# [TASK DESCRIPTION]
Repeat the material exactly from its first line to the line that includes "3.Yatak Odası: 2". Skip pictures.

# [GIVEN INFORMATION]

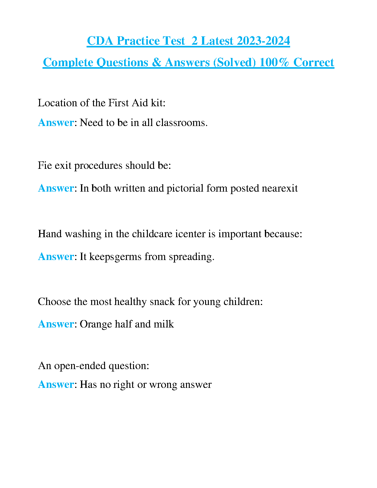 Ace your CDA exam with this comprehensive CDA Practice Test 2 for the 2023-2024 academic year. This resource includes all the latest questions and answers, solved with 100% accuracy. It's perfect for those aiming to pass on their first attempt and avoid resits.
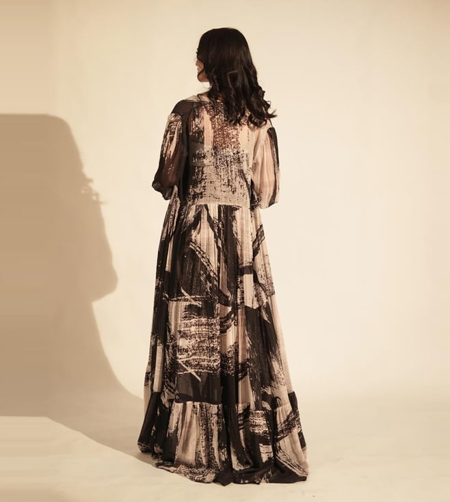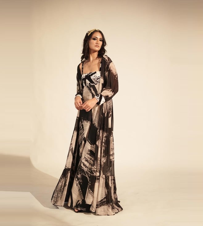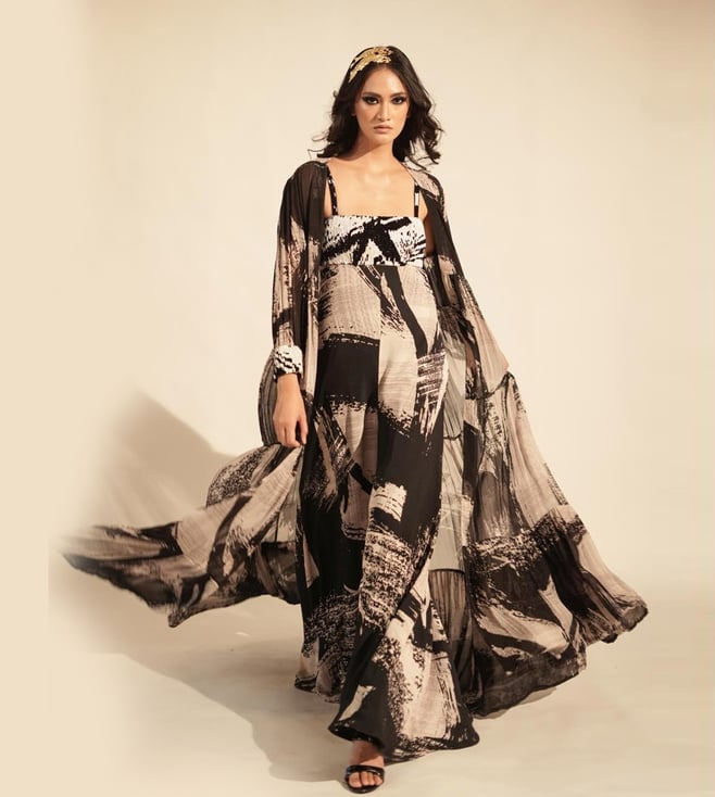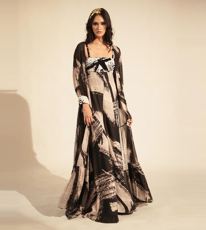 Nikita Mhaisalkar Black & White Stroke Print Jacket With Glass Bead Embellishment On Cuffs
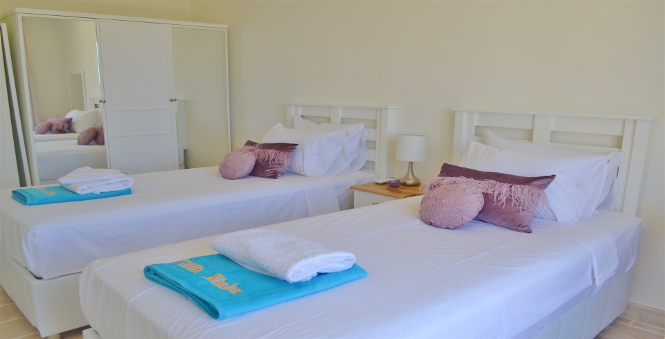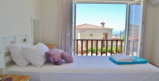 3.Yatak Odası: 2 adet tek kişilik yatak, elbise dolabı, makyaj masası, saç kurutma makinası ve deniz manzarasına sahiptir. Ortak kullanım banyo ve tuvalet bulunmaktadır.
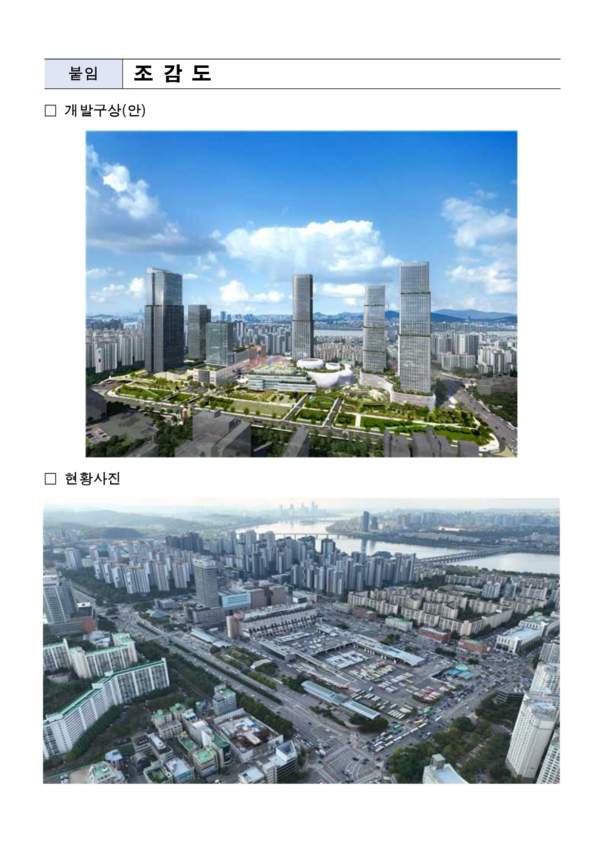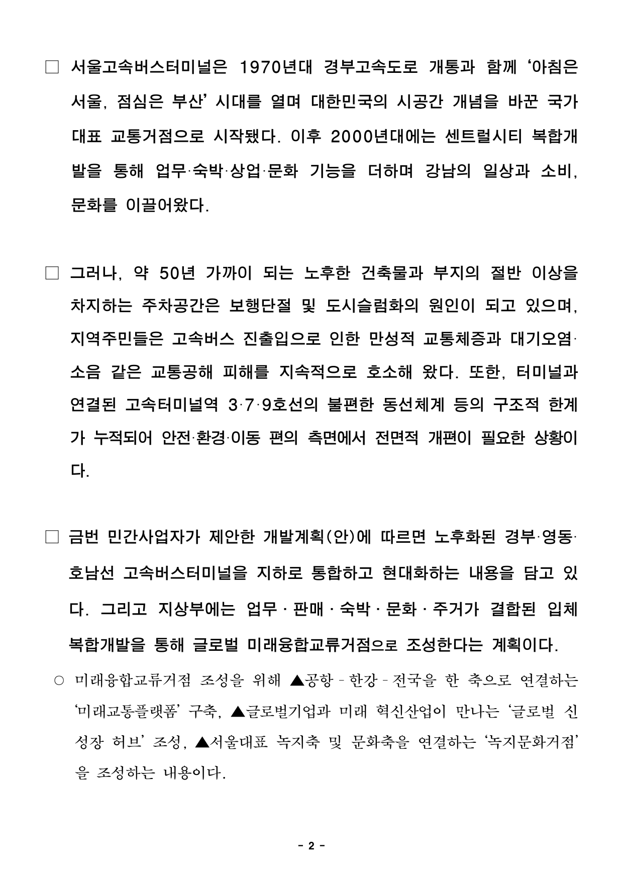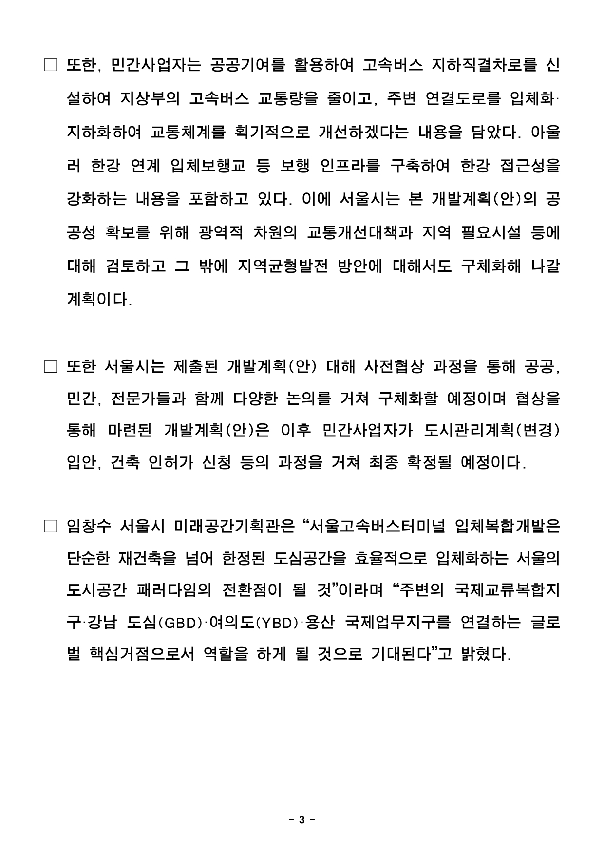 - 1 - 2025. 11. 26.(수) 석간용 이 보도자료는 2025년 11월 26일 오전 06:00부터 보도할 수 있습니다.보도자료담당 부서: 미래공간기획관 공공개발담당관 공공개발담당관 강성필 02-2133-8245 개발정책팀장 정현중 02-2133-8346 사진 없음 □ 사진 있음 ▣ 쪽수: 5쪽 관련 누리집 (메뉴) https://www.seoul.go.kr/main/index.jsp (서울소식) 서울고속버스터미널 사전협상 대상지선정... 입체복합개발 추진- 민간사업자, 경부·영동·호남 고속버스터미널 지하 통합‧현대화...미래융합교류거점조성제안- 업무·판매·숙박·문화·MICE·주거 등 결합된 입체복합개발 …도심 속 ‘콤팩트시티’’ 조성- 공공기여 활용해 고속버스 지하직결차로 설치 등 교통체계 개선 및 한강 접근성강화- 사전협상과정에서공공‧민간‧전문가논의를통해개발계획(안) 구체화..이후행정절차를통해확정예정□ 서울시는 서초구 서울고속버스터미널 부지(146,260.4㎡)를 사전협상대상지로 선정(′25.9)하고, 민간사업자(㈜신세계센트럴, 서울고속버스터미널㈜)가 제안한 대규모 복합개발에 대해 본격적인 사전협상에 착수한다. ○ 금번 사전협상 대상지는 서울 중심에 위치한 대규모 부지로, 한강이남유일의 3·7·9호선 트리플 역세권으로서 도심 및 공항까지 뛰어난접근및연결성을 확보하고 한강변이라는 입지적 차별성을 가지고 있어그개발파급력은 상당할 것으로 예상된다. - 2 - □ 서울고속버스터미널은 1970년대 경부고속도로 개통과 함께‘아침은서울, 점심은 부산’ 시대를 열며 대한민국의 시공간 개념을 바꾼국가대표 교통거점으로 시작됐다. 이후 2000년대에는 센트럴시티복합개발을 통해 업무·숙박·상업·문화 기능을 더하며 강남의 일상과소비,문화를 이끌어왔다. □ 그러나, 약 50년 가까이 되는 노후한 건축물과 부지의 절반이상을차지하는 주차공간은 보행단절 및 도시슬럼화의 원인이 되고있으며,지역주민들은 고속버스 진출입으로 인한 만성적 교통체증과 대기오염· 소음 같은 교통공해 피해를 지속적으로 호소해 왔다. 또한, 터미널과연결된 고속터미널역 3·7·9호선의 불편한 동선체계 등의 구조적한계가 누적되어 안전·환경·이동 편의 측면에서 전면적 개편이 필요한상황이다. □ 금번 민간사업자가 제안한 개발계획(안)에 따르면 노후화된 경부·영동· 호남선 고속버스터미널을 지하로 통합하고 현대화하는 내용을담고있다. 그리고 지상부에는 업무․판매․숙박․문화․주거가 결합된입체복합개발을 통해 글로벌 미래융합교류거점으로 조성한다는 계획이다. ○ 미래융합교류거점 조성을 위해 ▲공항–한강–전국을 한 축으로 연결하는‘미래교통플랫폼’ 구축, ▲글로벌기업과 미래 혁신산업이 만나는 ‘글로벌신성장 허브’ 조성, ▲서울대표 녹지축 및 문화축을 연결하는 ‘녹지문화거점’ 을 조성하는 내용이다. - 3 - □ 또한, 민간사업자는 공공기여를 활용하여 고속버스 지하직결차로를신설하여 지상부의 고속버스 교통량을 줄이고, 주변 연결도로를입체화· 지하화하여 교통체계를 획기적으로 개선하겠다는 내용을 담았다. 아울러 한강 연계 입체보행교 등 보행 인프라를 구축하여 한강 접근성을강화하는 내용을 포함하고 있다. 이에 서울시는 본 개발계획(안)의공공성 확보를 위해 광역적 차원의 교통개선대책과 지역 필요시설등에대해 검토하고 그 밖에 지역균형발전 방안에 대해서도 구체화해나갈계획이다. □ 또한 서울시는 제출된 개발계획(안) 대해 사전협상 과정을 통해공공,민간, 전문가들과 함께 다양한 논의를 거쳐 구체화할 예정이며협상을통해 마련된 개발계획(안)은 이후 민간사업자가 도시관리계획(변경)입안, 건축 인허가 신청 등의 과정을 거쳐 최종 확정될 예정이다. □ 임창수 서울시 미래공간기획관은 “서울고속버스터미널 입체복합개발은단순한 재건축을 넘어 한정된 도심공간을 효율적으로 입체화하는서울의도시공간 패러다임의 전환점이 될 것”이라며 “주변의 국제교류복합지구·강남 도심(GBD)·여의도(YBD)·용산 국제업무지구를 연결하는글로벌 핵심거점으로서 역할을 하게 될 것으로 기대된다”고 밝혔다. 붙임 조 감 도 □ 개발구상(안) □ 현황사진 - 5 - □ 터미널 조감도

# [TASK RESPONSE]
 Ace your CDA exam with this comprehensive CDA Practice Test 2 for the 2023-2024 academic year. This resource includes all the latest questions and answers, solved with 100% accuracy. It's perfect for those aiming to pass on their first attempt and avoid resits.
 Nikita Mhaisalkar Black & White Stroke Print Jacket With Glass Bead Embellishment On Cuffs
 3.Yatak Odası: 2 adet tek kişilik yatak, elbise dolabı, makyaj masası, saç kurutma makinası ve deniz manzarasına sahiptir. Ortak kullanım banyo ve tuvalet bulunmaktadır.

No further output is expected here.